The honest "we can't support this yet, and here's exactly why" is a valuable contribution. A grammar shim that links by luck is not.


Resolution Tiers

Resolution is pluggable behind the Resolver trait — the tier seam. Every resolver takes per-file FileFacts and emits the same CodeGraph schema, tagging each edge with a Confidence and a Provenance. Consumers pick a tier without changing how they read the output.

Tier Resolver Confidence Behaviour
A SymbolTableResolver NameOnly Fast, all languages, recall-first. Matches by name/scope. An ambiguous name fans out to all same-named definitions.
B ScopeGraphResolver Scoped / Exact Scope-aware: resolves references through lexical scopes, imports, and qualified paths. Emits an edge only when it can resolve precisely — never fakes precision (zero false positives is the contract).
FfiBridgeResolver Links cross-language boundaries deterministically (e.g. a #[no_mangle] Rust fn called from C, a PyO3 #[pyfunction] from Python) by matching the exported ABI name, which plain name resolution can't recover.

Provenance records which analysis derived an edge (name table, scope graph, FFI bridge, …), orthogonal to Confidence.

The decisive axis is resolution correctness. The highest-value resolution contributions:

  • Extend scope-aware resolution to another language. Tier B's quality depends on the extractor emitting the right facts — qualifiers on member calls, import bindings with their from_path, namespace descriptors. Improving an extractor's references often upgrades that language from Tier-A fan-out to Tier-B precision with no resolver change.
  • Improve the resolver itself behind the trait. New resolution capabilities (e.g. type-qualified call resolution) slot in behind the seam and must hold the contract: uniqueness gates precision — widen the candidate set only where you can still prove a unique match, so you never introduce a false positive.

When you touch resolution, prove it with the eval harness (below).


Validation: Prove the Number

"Best at code→graph" must be a number, not a claim. The eval/ crate scores ref→def precision and recall per language and per tier. The evaluation unit is a located edge (a reference site bound to a definition site), so name-only fan-out is penalised exactly where it over-connects: a reference linking to N same-named definitions scores one true positive and N − 1 false positives.
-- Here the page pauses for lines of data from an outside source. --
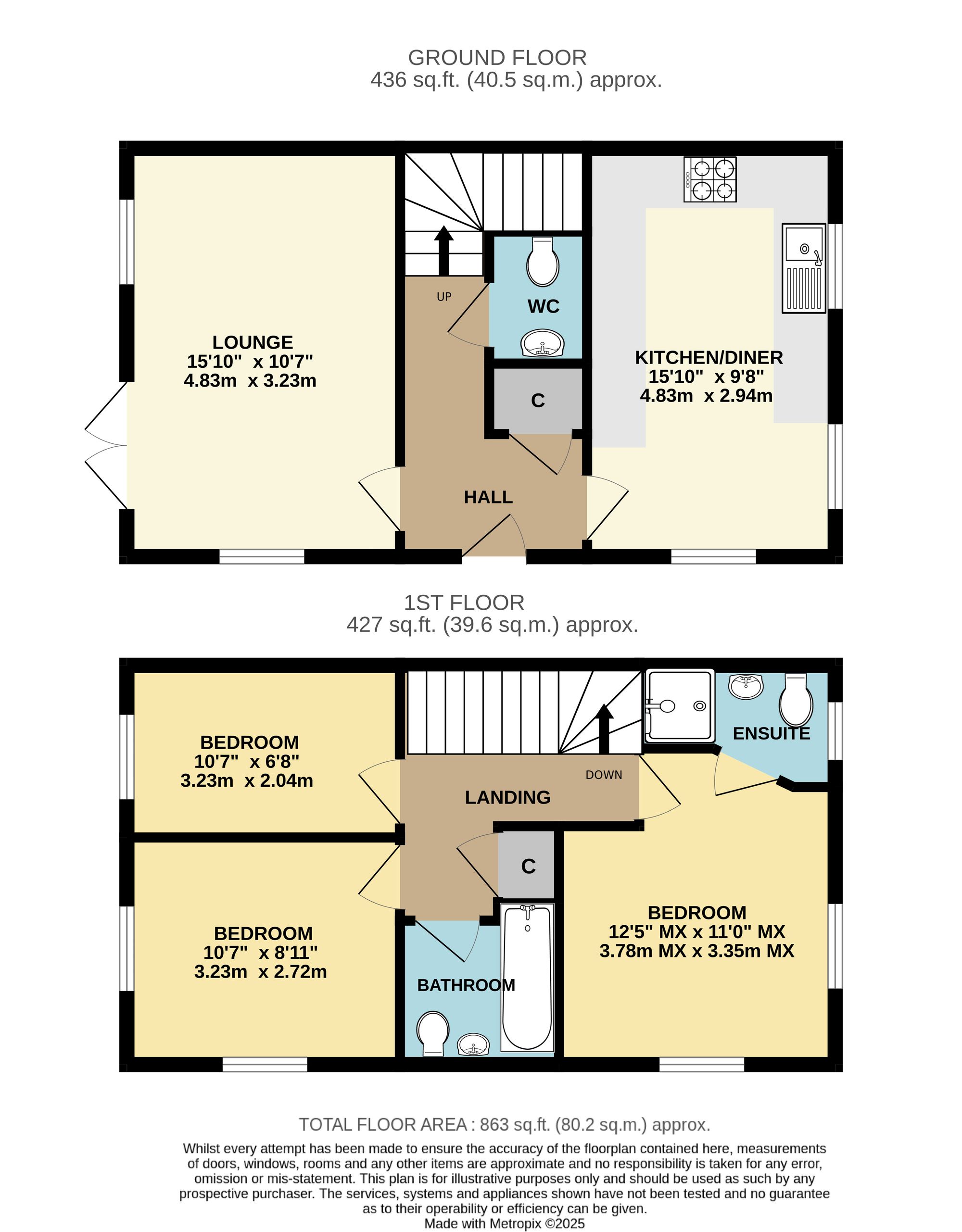 The accommodation on the ground floor comprises a modern kitchen/diner, spacious lounge with French doors to the rear garden, and a WC.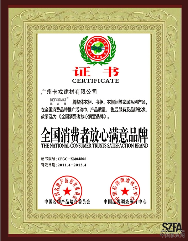 證書介紹 德夫曼衣柜在品牌的推廣之路中,衣柜,衣帽間等產(chǎn)品得到了大眾的認(rèn)可,故被評為全國消費者滿意放心品牌。 證書圖片 |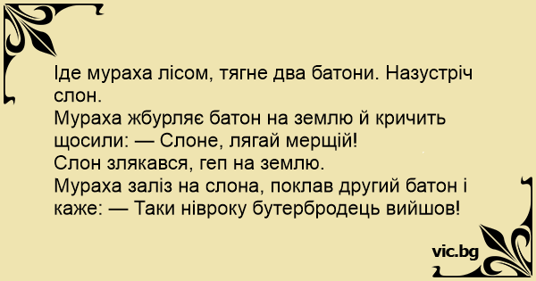 Іде мураха лісом, тягне два батони. Назустріч слон.

cargo run -p code2graph-eval      # print the scorecard
cargo test  -p code2graph-eval    # the regression gate on the invariants

The corpus has two kinds of ground truth, both under eval/corpus/:

  • Golden fixtures — hand-authored expected.edges, for role-typed scoring.
  • SCIP oracles<lang>_oracle/<case>/ directories scored location-only against an index produced by a mature, type-aware indexer (rust-analyzer, scip-typescript, scip-java, …). This is how Tier-B's precision thesis is locked against an external source of truth. See eval/ORACLE.md for the (maintainer-only, off-by-default) oracle regeneration workflow — the normal build and test loop pulls no SCIP/indexer dependencies; it only ever reads committed artifacts.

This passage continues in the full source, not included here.